12 Mar 2013

Corporate & Commerical Law, Competition Law Update, Competition Commission's New Improved Superpowers

by Jennifer Finnigan, Partner, Durban,
Practice Area(s): Corporate & Commercial |

Come 1 April 2013, our Competition Commission can wield its brand new superpower – the right to carry out market inquiries without an initial complaint. 

Any “market” displaying features which prevent, distort or restrict competition is open to investigation by the Competition Commission in terms of the new chapter of the Competition Act.

 If you aren’t faithfully reading the Government Gazette, you’d better start now because the first market participants will know of a forthcoming inquiry is a notice which the Commission has to publish in the Government Gazette. 

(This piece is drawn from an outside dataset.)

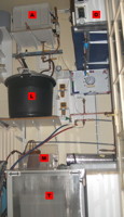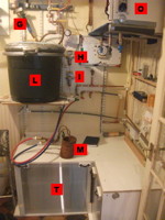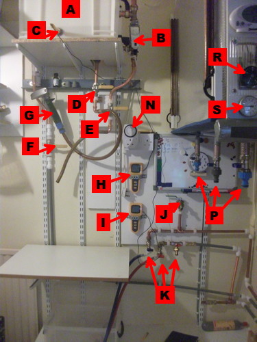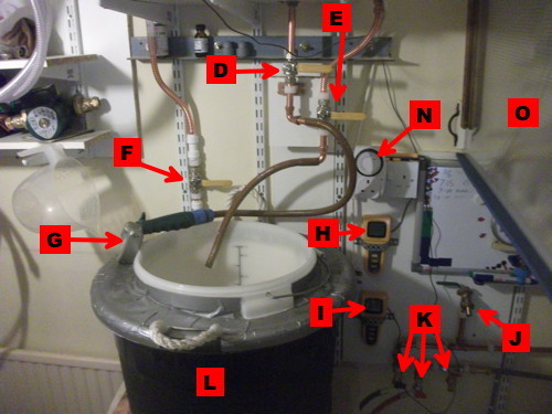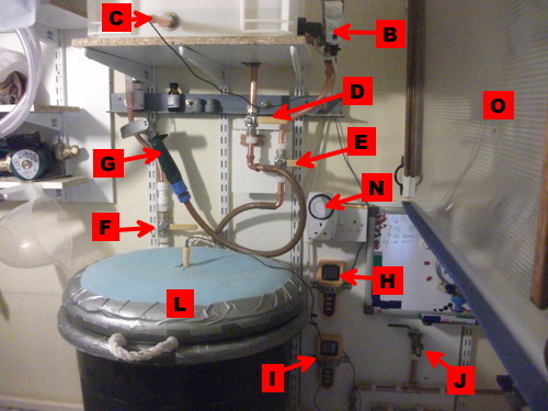 (as are the fermenters). To the right of the HLT (B) you can see the heater (cheapo kettle element)

The Commission is supposed to include in its notice terms of reference for the market inquiry (which have to set out the scope of the inquiry and the time it is expected to take) as well as an invitation to the public to provide information about the market inquiry.  Bearing in mind that the infamous bread cartel investigation started with a complaint from a small business, imagine what where these public invitations may lead…

One saving grace is that the Competition Commission may not descend on hapless market participants in dawn raids.  It can, however, summons them to provide information and to attend interrogations and those summoned have to attend or face contempt charges.  Beware those summonses though because the Commission is allowed to use information obtained in the course of its market inquiry to initiate complaints against firms resulting in consent orders, further investigation or a direct referral to the Tribunal for hearing.  That is the really scary part of these powers.

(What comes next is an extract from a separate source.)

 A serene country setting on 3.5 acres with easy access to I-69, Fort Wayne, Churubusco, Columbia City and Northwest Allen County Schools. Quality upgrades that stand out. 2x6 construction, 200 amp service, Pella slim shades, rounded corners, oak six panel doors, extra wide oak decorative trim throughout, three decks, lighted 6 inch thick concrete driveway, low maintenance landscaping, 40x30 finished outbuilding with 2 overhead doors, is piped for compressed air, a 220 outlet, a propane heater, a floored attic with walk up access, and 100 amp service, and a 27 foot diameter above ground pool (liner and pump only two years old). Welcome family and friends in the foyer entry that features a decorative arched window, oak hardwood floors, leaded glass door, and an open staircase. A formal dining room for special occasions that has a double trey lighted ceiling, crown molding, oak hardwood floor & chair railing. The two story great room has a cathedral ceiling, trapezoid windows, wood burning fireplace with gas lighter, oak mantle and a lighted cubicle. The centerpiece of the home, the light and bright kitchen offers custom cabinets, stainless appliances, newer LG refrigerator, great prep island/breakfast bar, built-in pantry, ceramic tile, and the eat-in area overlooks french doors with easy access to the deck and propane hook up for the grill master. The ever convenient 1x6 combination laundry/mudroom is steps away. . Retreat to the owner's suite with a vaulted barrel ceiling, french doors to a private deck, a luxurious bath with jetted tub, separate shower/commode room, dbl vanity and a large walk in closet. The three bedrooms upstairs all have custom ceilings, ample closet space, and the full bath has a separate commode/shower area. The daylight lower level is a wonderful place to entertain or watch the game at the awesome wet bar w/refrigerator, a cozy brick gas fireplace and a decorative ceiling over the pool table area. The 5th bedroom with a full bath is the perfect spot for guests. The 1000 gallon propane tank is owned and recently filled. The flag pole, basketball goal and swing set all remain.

Those powers are really, after all, what this is all about.  Yes, the Commission must report to the Minister on its findings and publish that report in the Government Gazette but who really cares about that?  At the end of the day when the Commission starts a market inquiry, every firm in the affected market had best take a long hard look at itself before the Commission starts rummaging through its records.  Rumour has it that the healthcare industry is first on the hit list.  Only time will tell.